The map: which part is what
| File | What it is | The famous algorithm inside |
|---|---|---|
features.py |
Board → feature vector; actions → fixed policy slots | (translation layer) |
nn.py |
Scalar autograd, the policy/value network, Adam | Gradient descent — Value.backward() computes the gradients (backpropagation), Adam.step() takes the descent step |
mcts.py |
The search tree over the game's forward model | MCTS — PUCT selection, network-guided expansion, value backup |
train.py |
The self-play outer loop and the loss function | Where the two meet: MCTS makes the training targets, gradient descent fits the net to them |
policy.py |
The tournament-facing wrapper | Play the most-visited move of a noise-free search |
The AlphaGo Zero loop in one sentence: search (MCTS, sharpened by the current network) produces move targets and game outcomes; gradient descent nudges the network toward those targets; the better network makes the next round of search stronger — a virtuous cycle with no human examples anywhere.
1. features.py — translating the game for the network
A neural network eats fixed-length vectors; a card game is bags of cards. This
module does two translations. First, featurize turns the engine's raw
observation (604 integers, already expressed from the point of view of the
player to move) into a compact, sparse feature vector — lists of
(index, value) pairs, zeros omitted, because a hand of cards is mostly zeros:
def featurize(obs):
"""Sparse feature vector as a list of (index, value) pairs (zeros omitted)."""
feats = []
def add_block(out_base, *in_bases):
for c in range(NCARDS):
total = 0
for b in in_bases:
total += obs[b + c]
if total:
feats.append((out_base + c, total * _CARD_SCALE))

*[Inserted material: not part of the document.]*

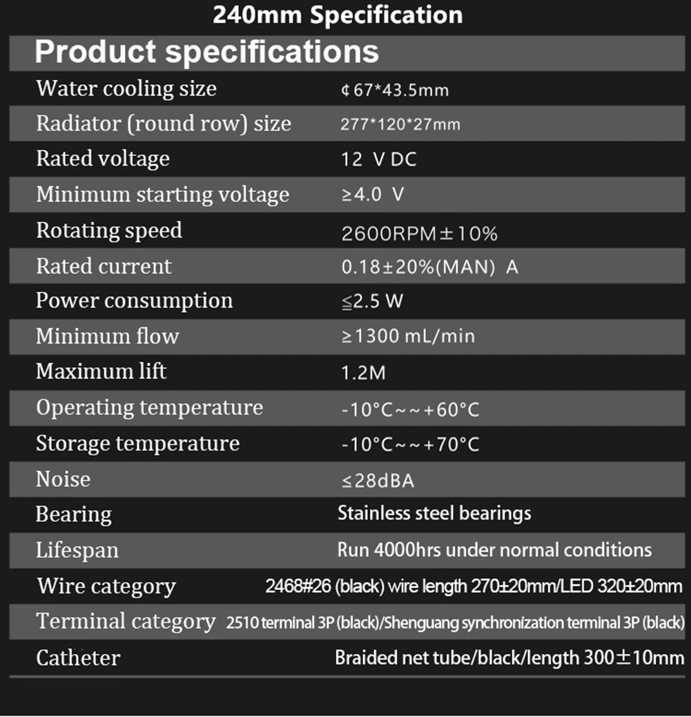 Interfaz del ventilador: 3 pines (120MM),PWM-4PIN (Color fijo de 240mm),6 pines (240mm ARGB, conectar con controlador)

add_block(F_ME_OWNED, _ME_HAND, _ME_DECK, _ME_DISCARD, _ME_SHIPS)
add_block(F_ME_BASES, _ME_BASES)
add_block(F_THEM_OWNED, _THEM_HAND, _THEM_DECK, _THEM_DISCARD, _THEM_SHIPS)
add_block(F_THEM_BASES, _THEM_BASES)
add_block(F_TRADE_ROW, _TRADE_ROW)
# Normalized scalars. Authority is the headline signal (training plays at 10).
s = F_SCALARS
my_auth = obs[_S_MY_AUTH]
their_auth = obs[_S_THEIR_AUTH]
scal = [
(s + 0, my_auth / 10.0),
(s + 1, their_auth / 10.0),
(s + 2, (my_auth - their_auth) / 10.0), # authority swing -> who's winning
(s + 3, obs[_S_MY_TRADE] / 8.0),
(s + 4, obs[_S_MY_COMBAT] / 8.0),
(s + 5, obs[_S_TURN] / 50.0),
(s + 6, obs[_S_EXPLORER] / 10.0),
(s + 7, 1.0), # bias-ish constant feature (always on)
]
for idx, val in scal:
if val:
feats.append((idx, val))
return feats
Second, action_slot maps every legal action onto a slot in a fixed policy
vector. AlphaGo Zero's network emits one logit per action in a fixed action
space and then masks to what is legal; Star Realms' legal set is variable, so
each action is keyed by (action-kind, card-index) — e.g. "buy Battle Pod" is
always the same slot, whichever turn it appears on:
def action_slot(action) -> int:
"""Fixed policy-vector slot for a LegalAction."""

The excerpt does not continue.